For large/established teams, there are, of course, indispensable advantages to using these tools, but there is also a much simpler option that can do the job for small/new teams and help them learn the verification methodology.

The basic principle is this: continue using VHDL testbenches, just keep the inputs given to the device under test (DUT) and the outputs collected from it in an intermediate format. This way, we can control the input-output with any language that can write-read the intermediate format, and establish a scalable simulation-based verification environment.

This article shows and exemplifies one of the simplest and most understandable ways to do this:

• Write the input vector from Python to inputs.txt file,
• Read it with the VHDL testbench and feed it to the DUT, write the output vector to outputs.txt file,
• Read outputs.txt in Python and analyze it.

Method

When testing a module developed in VHDL, we develop testbenches in a language according to the chosen verification method, and then we create verification vectors (input + expected output) for various scenarios and feed them to the DUT through those testbenches.

It is also possible to define these input-output vectors in a language like VHDL, just like the DUT itself, but writing a module that generates realistic data in a hardware design language like VHDL would, of course, be a project in itself. We mostly do this work through ready-made libraries and simulators in environments like C++, Python, MATLAB.

Let's evaluate this over a simple DUT example: a single-channel, fixed-point, FIR low-pass filter that accepts 16-bit input-output. The details of the filter are not very important for this article, but you can find the source codes of both it and all parts related to this example in the sobulabs/vhdl-basic-sil-fir repository. We can assume that such a filter has an entity definition like this:

entity fir is
    Generic (FILTER_TAPS  : integer := 19;
             INPUT_WIDTH  : integer := 16; 
             COEFF_WIDTH  : integer := 16;
             OUTPUT_WIDTH : integer := 16 );
    Port (clk    : in STD_LOGIC;
          data_i : in STD_LOGIC_VECTOR (INPUT_WIDTH-1 downto 0);
          data_o : out STD_LOGIC_VECTOR (OUTPUT_WIDTH-1 downto 0) );
end fir;

Let's assume our VHDL testbench that will communicate with .txt files via Python is connected to this entity as data_i <= data_in and data_o <= data_out. Under the constant sampling frequency assumption, let's assume that the inputs needed to test this filter will be generated on the Python side as a 1D vector and written to a text file. For example, it could simply be a chirp generation like the following:

import numpy as np
from scipy.signal import chirp

# File paths
input_file  = "./Filter_input.txt"
output_file = "./Filter_output.txt"
tcl_script  = "./run_tb.tcl"
vivado_path = "/home/buraksoner/Tools/Xilinx/Vivado/2023.2/bin/vivado"  # Replace with your Vivado installation path

def generate_q_chirp(startfreq_hz, stopfreq_hz, clockfreq_hz, t_stop_ns, bitwidth, method="linear"):
    num_pts     = int(t_stop_ns/(1e9/clockfreq_hz));
    t = np.linspace(0, t_stop_ns/1e9, num_pts) # 0=t_start. Every tick in t corresponds to one clock cycle in the testbench
    x = chirp(t, f0=startfreq_hz, f1=stopfreq_hz, t1=t_stop_ns/1e9, method=method);
    x_int = np.floor(2**(bitwidth-1)*x) 
    return x_int

def write_to_input_file(signal, file_path):
    with open(file_path, "w") as file:
        for value in signal:
            file.write(f"{str(value.astype(np.int16))}\n")
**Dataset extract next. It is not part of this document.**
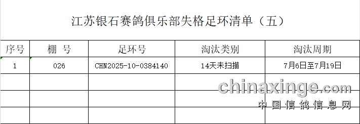 2025年江苏银石赛鸽俱乐部失格足环清单 (五)

def read_from_output_file(file_path):
    with open(file_path, "r") as file:
        data = file.readlines()
    return [int(line.strip()) for line in data]

# Generate
clk_freq    = 120e6;
t_stop_ns   = 0.5e6;
chirp_start_freq_hz = 0.5e6; # our LPF has a cutoff at 3 MHz, we're sweeping from 1 to 5 to see the drop in power
chirp_stop_freq_hz  = 5.5e6;
bitwidth = 16;
chirpsignal = generate_q_chirp(chirp_start_freq_hz, chirp_stop_freq_hz, clk_freq, t_stop_ns, bitwidth, method="linear")

write_to_input_file(chirpsignal, input_file)

We know what should happen when this chirp is fed to our FIR filter: we expect to see high amplitude output at low frequencies (at the beginning of the simulation), and lower amplitude output as the frequency increases over time.

Now let's look at the part on the VHDL testbench side that will read Filter_input.txt and generate Filter_output.txt based on the input passed through the DUT (to keep it short, let's skip other details of the testbench, you can check them in the repo, this is only the part that reads the text file, feeds it to the DUT, and writes what comes from the DUT back to the text file):

...
    process(clk)       
        file     input_file  : text is in INPUT_FILE_NAME;
        variable input_line  : line; 
        file     output_file : text is out OUTPUT_FILE_NAME;         
        variable output_line : line;    
        variable int_input_v : integer := 0;       
        variable good_v      : boolean;                
    begin        
        if rising_edge(clk) then
            if (not endfile(input_file)) then
                write(output_line, to_integer(signed(data_out)), left, 10);
                writeline(output_file, output_line);        
                readline(input_file, input_line);
                read(input_line, int_input_v, good_v);
                int_input_s <= int_input_v;
            else
                assert (false) report "Reading operation completed!" severity failure;
            end if;
            data_in <= shift_right(to_signed(int_input_s, data_in'length), 0);
        end if;
    end process;
...

With the Filter_input.txt file generated by Python and this testbench, the DUT is now ready for simulation with the input vector. You can run this simulation through your preferred tool (Vivado, Quartus, GHDL, ...) and obtain the Filter_output.txt file. In this example, I used Vivado in "batch" mode, i.e., from the terminal via a TCL file, so I was able to start Vivado's simulator via the subprocess library on the Python side and have it generate Filter_output.txt.

We can also read the output as follows:

output_signal = read_from_output_file(output_file)
plt.plot(chirpsignal)
plt.plot(output_signal)

and we can observe the expected result as below:

Discussion / Conclusion

The development-test method introduced in this article is definitely not the most advanced method in this industry, nor is it suitable for most large-scale projects, and we have no intention of opposing methodologies like OSVVM / UVM / UVVM. However, considering all the "entry barriers" that someone starting to work with FPGAs from scratch, students, etc. will encounter, it is obvious that such a simple method will be useful and "debuggable" (in the worst case, we can open the .txt file and check if the samples are correct!). The benefit of simplified "quick trial" methods is actually obvious for experienced developers as well. When we want to quickly prototype an idea, understand how much quantization/compression losses will be when transitioning to VHDL/fixed point, etc., this is quite a quick testing ground.

Hope it's useful.

^† In the reports regularly published by Siemens and the Wilson Research Group measuring industry trends in the functional verification field, it is clear that verification efforts cover more than half of projects in terms of workforce and time. There has been an increasing trend since 2012.